Apostolos Serletis, professor of economics at the University of Calgary. Since receiving his Ph.D. from McMaster University in 1984, he has held visiting appointments at the University of Texas at Austin, the Athens University of Economics and Business, and the Research Department of the Federal Reserve Bank of St. Louis. Professor Serletis’s teaching and research interest focus on monetary and financial economics, macroeconometrics, and nonlinear and complex dynamics. He is the author of twelve books, including The Economics of Money, Banking, and Financial Markets (Canadian edition), with Frederic S. Mishkin; Macroeconomics: A Modern Approach: First Canadian Edition, with Robert J. Barro (Nelson, 2010); The Demand for Money: Theoretical and Empirical Approaches (Springer, 2007); Financial Markets and Institutions (Canadian edition), with Frederic S. Mishkin and Stanley G. Eakins (Addison-Wesley, 2004); and The Theory of Monetary Aggregation, co-edited with William A. Barnett (Elsevier, 2000).

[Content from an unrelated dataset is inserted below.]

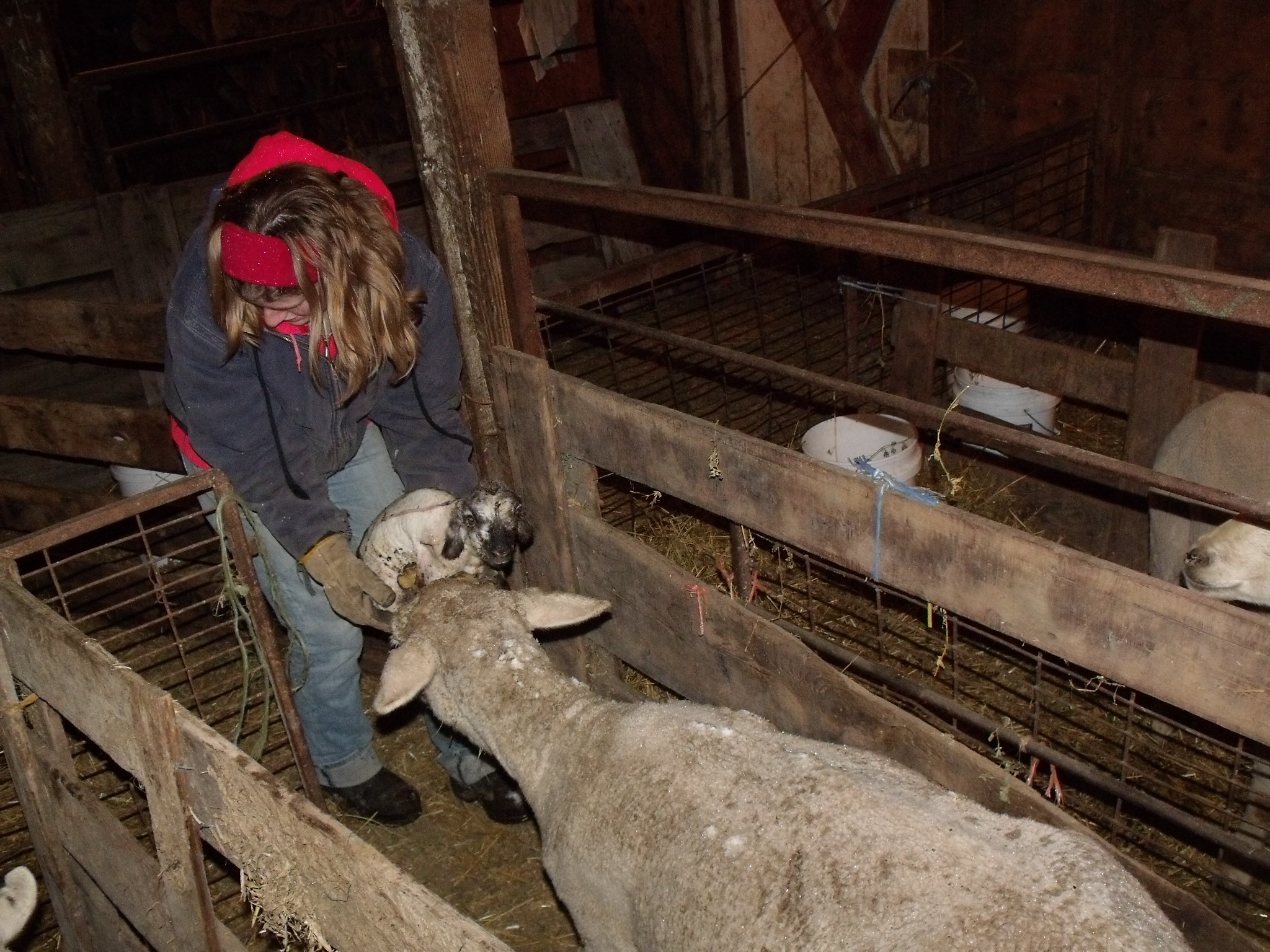 This lamb was born in the snow while we worked and later was brought in followed by her anxious mother who then birthed it’s twin.

In addition, he has published over 300 articles in such journals as the Journal of Economic Literature, Journal of Monetary Economics, Journal of Money, Credit, and Banking, Journal of Econometrics, Journal of the American Statistical Association, Journal of Applied Econometrics, Journal of Business and Economic Statistics, Macroeconomic Dynamics, Journal of Banking and Finance, Journal of Economic Dynamics and Control, Economic Inquiry, Oxford Economic Papers, Oxford Bulletin of Economics and Statistics, Energy Economics, The Energy Journal, Canadian Journal of Economics, Econometric Reviews, and Studies in Nonlinear Dynamics and Econometrics, among others. Apostolos Serletis is a Fellow of the Royal Society of Canada, Past President of the Society for Economic Measurement, Director of the Energy Industry program at the RUDN University in Moscow, Coeditor of Macroeconomic Dynamics and the Journal of Economic Asymmetries, Editor-in-Chief of the Open Economies Review, and Associate Editor of Energy Economics. He has also served as Guest Editor of the Journal of Econometrics, Econometric Reviews, and Macroeconomic Dynamics.